Un mobile dans lequel le système est toujours (presque gratuit)
Et côté Linux ? La gratuité de Mavericks ne devrait guère changer la donne pour les distributions libres. C’est en tout cas l’avis de Linus Torvalds, qui s’est exprimé lors du LinuxCon Europe qui se tient actuellement à Edinburgh en Écosse. Interrogé sur l’impact potentiel d’une telle gratuité, le créateur du noyau Linux a ainsi déclaré : « Le fait qu’Apple offre son système d’exploitation est largement hors de propos. Je ne pense pas que cela aura le moindre impact sur Linux ». Il souligne en effet que Mavericks n’est pas open source, et ne peut donc pas marcher sur ses platebandes, et surtout que le système est totalement lié au matériel Apple pour garantir la compatibilité maximale. On pourrait d’ailleurs souligner qu’il est difficile de considérer Mavericks comme étant gratuit puisqu’il accompagne un matériel vendu relativement cher.
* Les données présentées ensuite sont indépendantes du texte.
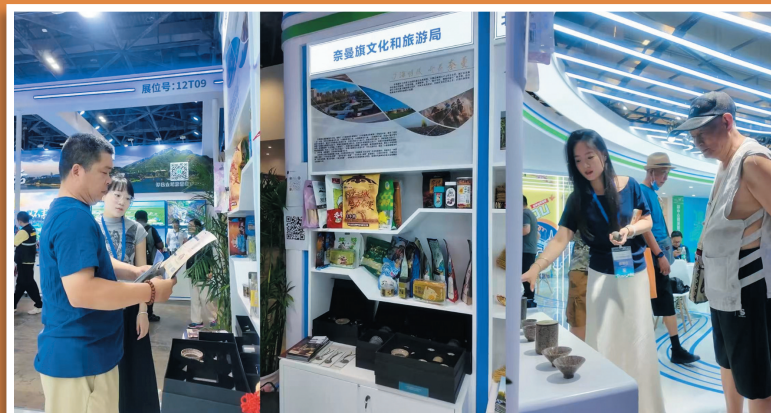
奈曼特色旅游商品惊艳亮相北京国际文旅消费博览会。

洼风景区、陈国公主墓、龙尾沟风景区,打造“四点三线两风格”的精品旅游线路,成为奈曼南部绿色生态旅游的核心枢纽。

Ars Technica, de son côté, a obtenu l’avis de l’analyste Al Gillen de chez IDC : « Est-ce le début d’un nouveau paradigme dans la tarification des systèmes d’exploitation ? Ce n’est pas certain, même si le standard avec les appareils tels que les smartphones, les tablettes et autres est que vous achetez le produit, puis le logiciel est mis à jour et rafraichi durant la vie de l’appareil, sans frais supplémentaires ». L’utilisateur se retrouve en outre fidélisé par tout un écosystème applicatif et de services, renforçant l’idée qu’un départ vers une autre plateforme serait pénible. Apple renforcerait ainsi l'idée que la grande majorité de ses produits tourne autour de la mobilité et qu'il est donc normal que le système ne soit plus payant.
Au final, jamais le matériel n’a autant compté pour Apple. La société vend des produits dont les principaux logiciels sont tous gratuits et évoluent avec les années. Les rares logiciels payants à Cupertino sont Final Cut Pro, Aperture et Logic Pro X. Pour le reste, jamais Apple n'a autant été tournée vers le grand public, et la fidélisation se fera désormais au moyen d’une arme supplémentaire : la gratuité.